Files
visualizador_instanciados/backend/app/main.py
2026-03-02 14:32:42 -03:00

248 lines
7.6 KiB
Python

from __future__ import annotations
from contextlib import asynccontextmanager
from fastapi import FastAPI, HTTPException, Query
from fastapi.middleware.cors import CORSMiddleware
from .models import EdgesResponse, GraphResponse, NodesResponse, SparqlQueryRequest, StatsResponse
from .rdf_store import RDFStore
from .sparql_engine import AnzoGraphEngine, RdflibEngine, SparqlEngine, create_sparql_engine
from .settings import Settings
settings = Settings()
@asynccontextmanager
async def lifespan(app: FastAPI):
sparql: SparqlEngine = create_sparql_engine(settings)
await sparql.startup()
app.state.sparql = sparql
# Only build node/edge tables when running in rdflib mode.
if settings.graph_backend == "rdflib":
assert isinstance(sparql, RdflibEngine)
if sparql.graph is None:
raise RuntimeError("rdflib graph failed to load")
store = RDFStore(
ttl_path=settings.ttl_path,
include_bnodes=settings.include_bnodes,
max_triples=settings.max_triples,
)
store.load(sparql.graph)
app.state.store = store
yield
await sparql.shutdown()
app = FastAPI(title="visualizador_instanciados backend", lifespan=lifespan)
cors_origins = settings.cors_origin_list()
app.add_middleware(
CORSMiddleware,
allow_origins=cors_origins,
allow_credentials=False,
allow_methods=["*"],
allow_headers=["*"],
)
@app.get("/api/health")
def health() -> dict[str, str]:
return {"status": "ok"}
@app.get("/api/stats", response_model=StatsResponse)
async def stats() -> StatsResponse:
sparql: SparqlEngine = app.state.sparql
if settings.graph_backend == "rdflib":
store: RDFStore = app.state.store
return StatsResponse(
backend=sparql.name,
ttl_path=settings.ttl_path,
sparql_endpoint=None,
parsed_triples=store.parsed_triples,
nodes=store.node_count,
edges=store.edge_count,
)
# AnzoGraph: compute basic counts via SPARQL.
assert isinstance(sparql, AnzoGraphEngine)

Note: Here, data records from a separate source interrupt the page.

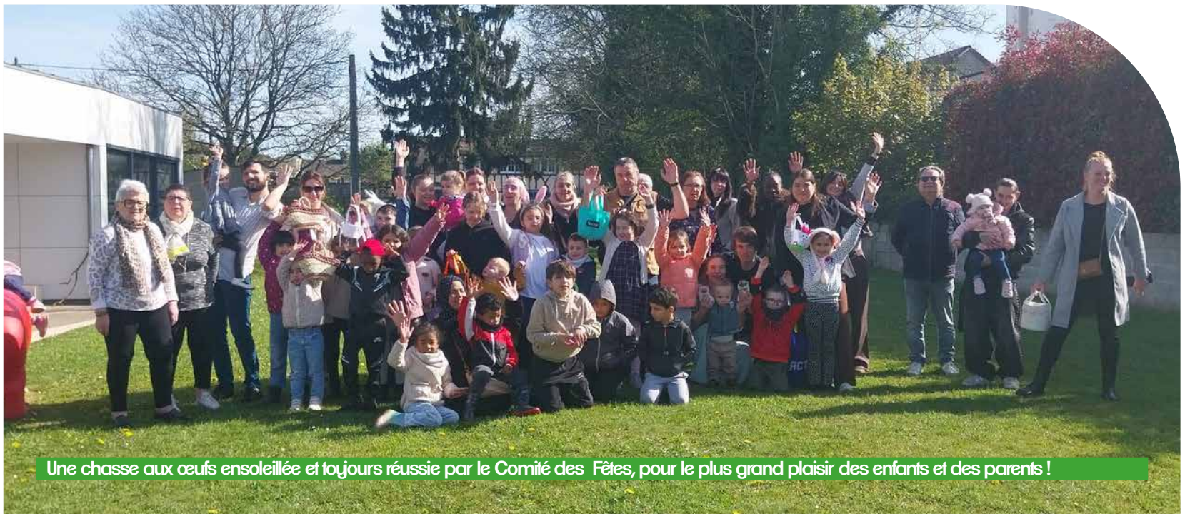
Une chasse aux œufs ensoleillée et toujours réussie par le Comité des Fêtes, pour le plus grand plaisir des enfants et des parents !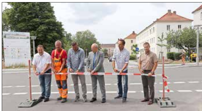
Eröffnung des 1. Teilabschnitts am 27. Juli 2023 mit den ausführenden Firmen sowie Vertretern der Stadtverwaltung.

Im Februar 2022 hat der grundhafte Ausbau der Friedrich-Engels-Straße und der Hegelstraße begonnen. Ab der Pestalozzistraße in Richtung Rosa-Luxemburg-Straße erfolgte die Baumaßnahme unter Vollsperrung. Die Maßnahme umfasste die Erneuerung der Fahrbahn, Gehwege einschließlich der Bordanlagen, den Neubau der Straßenentwässerung sowie der Straßenbeleuchtung in der Friedrich-Engels-Straße und der Hegelstraße. Der Ausbaubereich in der Friedrich-Engels-Straße hat eine Gesamtlänge von ca. 305 m und in der Hegelstraße ca.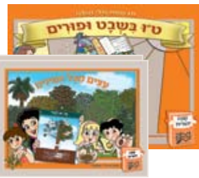
2 ספרונים מונחים 2 guided books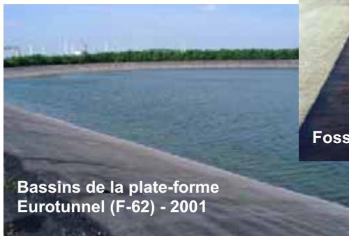
Bassins de la plate-forme Eurotunnel (F-62) - 2001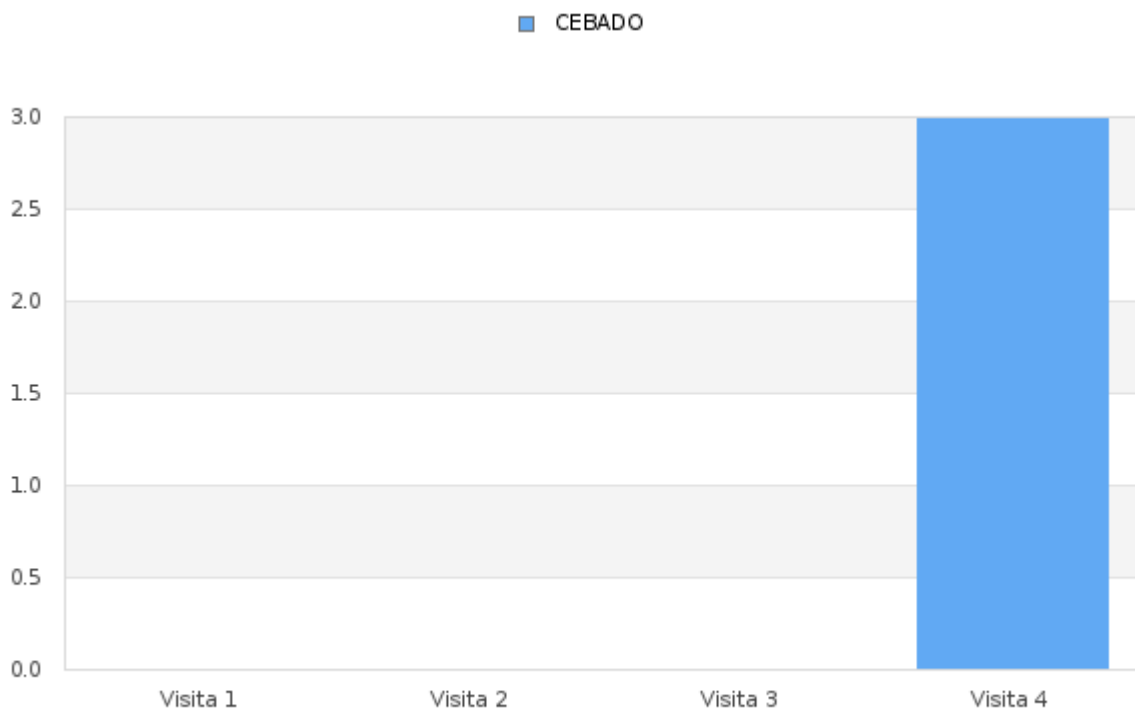
Tabla # 2 Porcentaje del Índice de infestación de roedores (estaciones de cebadero) de Enero - Diciembre 2025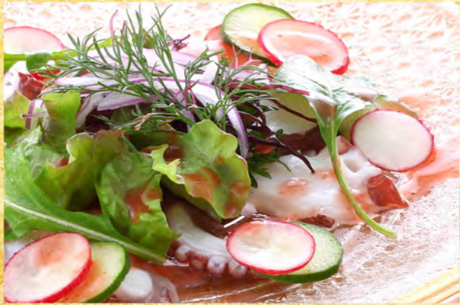
蛸サラダ梅ドレッシング 860円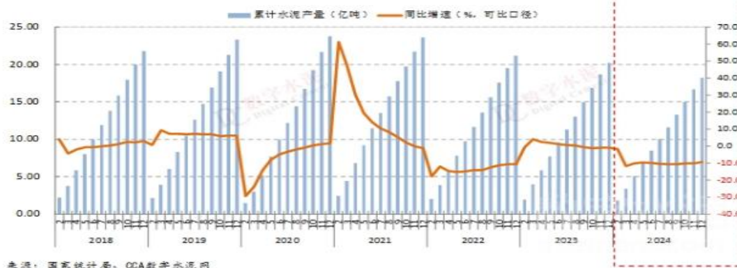
2018年以来全国月度累计水泥产量增速(%)

水泥需求持续萎缩的主因：一是房地产投资持续大幅下降，新开工项目严重不足，地产端水泥需求继续大幅下降；二是基础设施建设资金不足，公路等工程项目施工进度放缓，基建端水泥需求出现下降。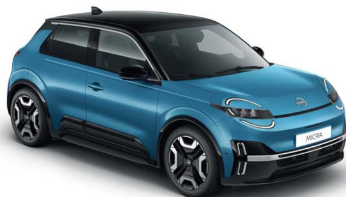
TWO-TONE CON TETTO NERO

[1] Dotazioni disponibili su determinate versioni, di serie o solo in opzione (a costo aggiuntivo).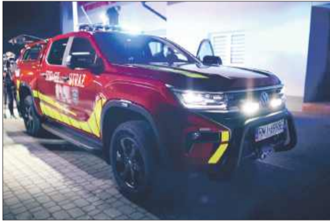
Prezentacja nowego pojazdu pod remizą OSP Kielków.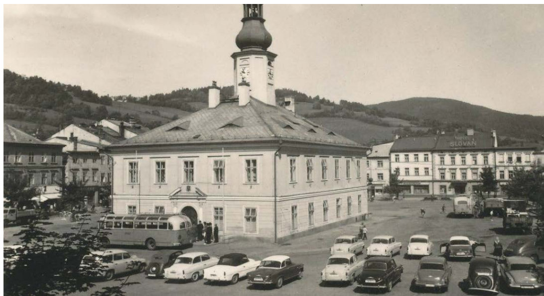
Náměstí s radnicí, pohled severním směrem k hotelu Slovan, v roce 1965.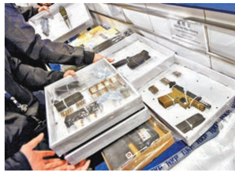
警方去年偵破多宗涉及真槍實彈案件。

為堵塞有不法之徒利用現時法例有關「槍械」定義的漏洞，保安局決定提出修例建議，清楚定義真槍元件，以打擊槍械案件。局方昨日在立法會保安事務委員會簡介建議，有議員認為，走私真槍及真槍元件的案件數字上升，促請局方做好把關工作。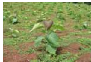
Teca de 5 meses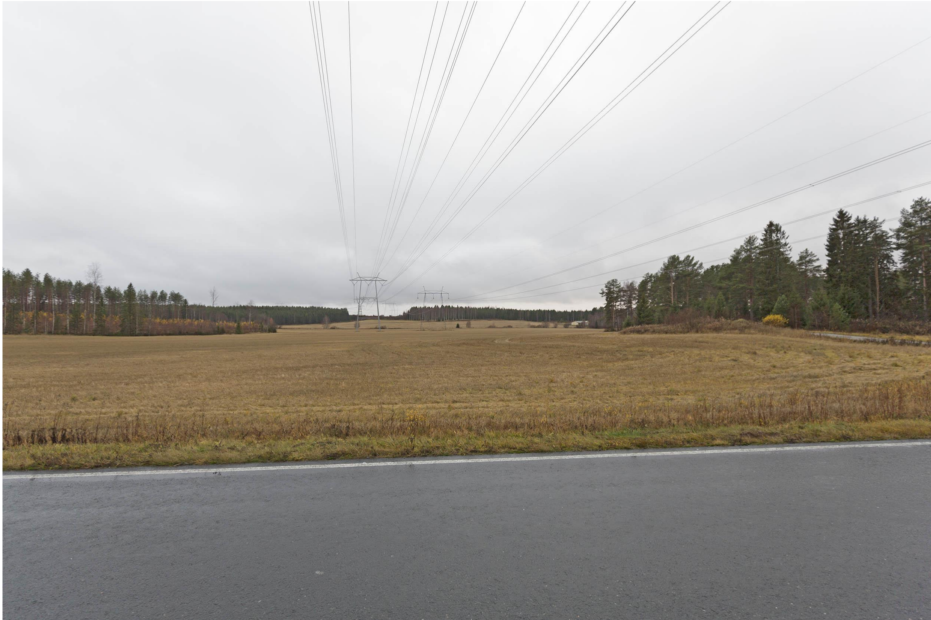
Kuva G. Havainnekuva Väänälänrannan peltoaukean yli. Uusi voimajohto on kuvassa vasemmalla puolella.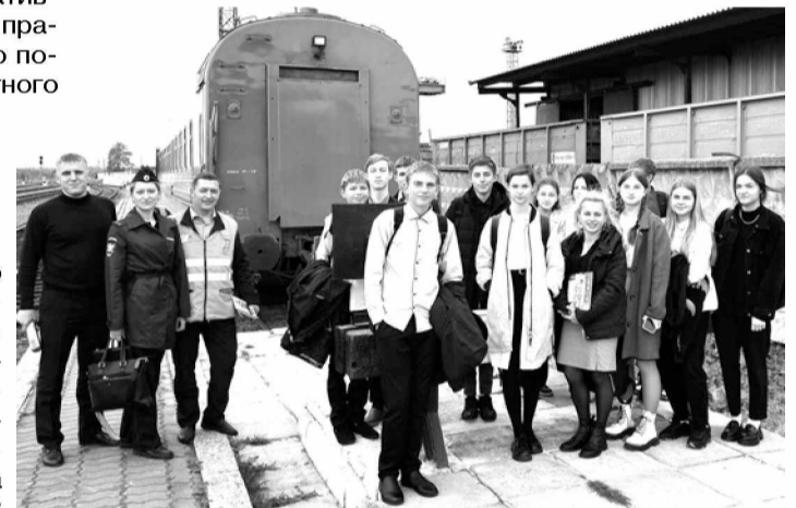
По материалам пресс-служб УТ МВД России по ДФО и Ванинского ЛО МВД России на транспорте.

Завершено расследование уголовного дела по обвинению ранее не судимого 49-летнего работника порта Ванино в хищении топлива из служебного автомобиля (имущество предприятия). Он совершил кражу бензина из топливного бака, сообщая диспетчеру недостоверные сведения о показаниях спидометра при оформлении путевых листов. В результате им было похищено 75,2 литра топлива на общую сумму 3602 рубля 78 копеек. В ходе расследования подозреваемый дал признательные показания, возместил ущерб. Уголовное дело направлено в суд.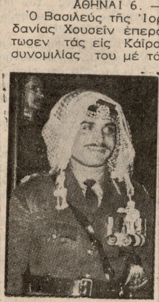
Ο ΒΑΣΙΛΕΥΣ ΧΟΥΣΕΪΝ πρόεδρος Νάσερ.

ΑΘΗΝΑΙ 6. — Ο Βασιλεύς της 'Ιορδανίας Χουσεϊν επεράτωσεν τας εις Κάϊρον συνομιλίας του με τον έπίτευξιν δικαίας και νόμου ειρήνης εις την Μέσην 'Ανατολήν βάσει του ψήφισματος του συμβουλίου ασφαλείας των 'Ηνωμένων 'Εθνών το όποιον ένεκρίθη τον Νοέμβριον του 1967.

def _count_from(result: dict, *, var: str = "count") -> int:
bindings = (((result.get("results") or {}).get("bindings")) or [])
if not bindings:
return 0
raw = bindings[0].get(var, {}).get("value")
try:
return int(raw)
except Exception:
return 0
bnode_filter = "" if settings.include_bnodes else "FILTER(!isBlank(?n))"
nodes_q = f"""
SELECT (COUNT(DISTINCT ?n) AS ?count)
WHERE {{
{{ ?n ?p ?o }} UNION {{ ?s ?p ?n }}
FILTER(!isLiteral(?n))
{bnode_filter}
}}
"""
triples_q = "SELECT (COUNT(*) AS ?count) WHERE { ?s ?p ?o }"
# Approximate "edges" similarly to our rdflib export: non-literal object, and skip label predicates.
edges_bnode_filter = "" if settings.include_bnodes else "FILTER(!isBlank(?s) && !isBlank(?o))"
edges_q = f"""
SELECT (COUNT(*) AS ?count)
WHERE {{
?s ?p ?o .
FILTER(!isLiteral(?o))
FILTER(?p NOT IN (
<http://www.w3.org/2000/01/rdf-schema#label>,
<http://www.w3.org/2004/02/skos/core#prefLabel>,
<http://www.w3.org/2004/02/skos/core#altLabel>
))
{edges_bnode_filter}
}}
"""
triples_res = await sparql.query_json(triples_q)
nodes_res = await sparql.query_json(nodes_q)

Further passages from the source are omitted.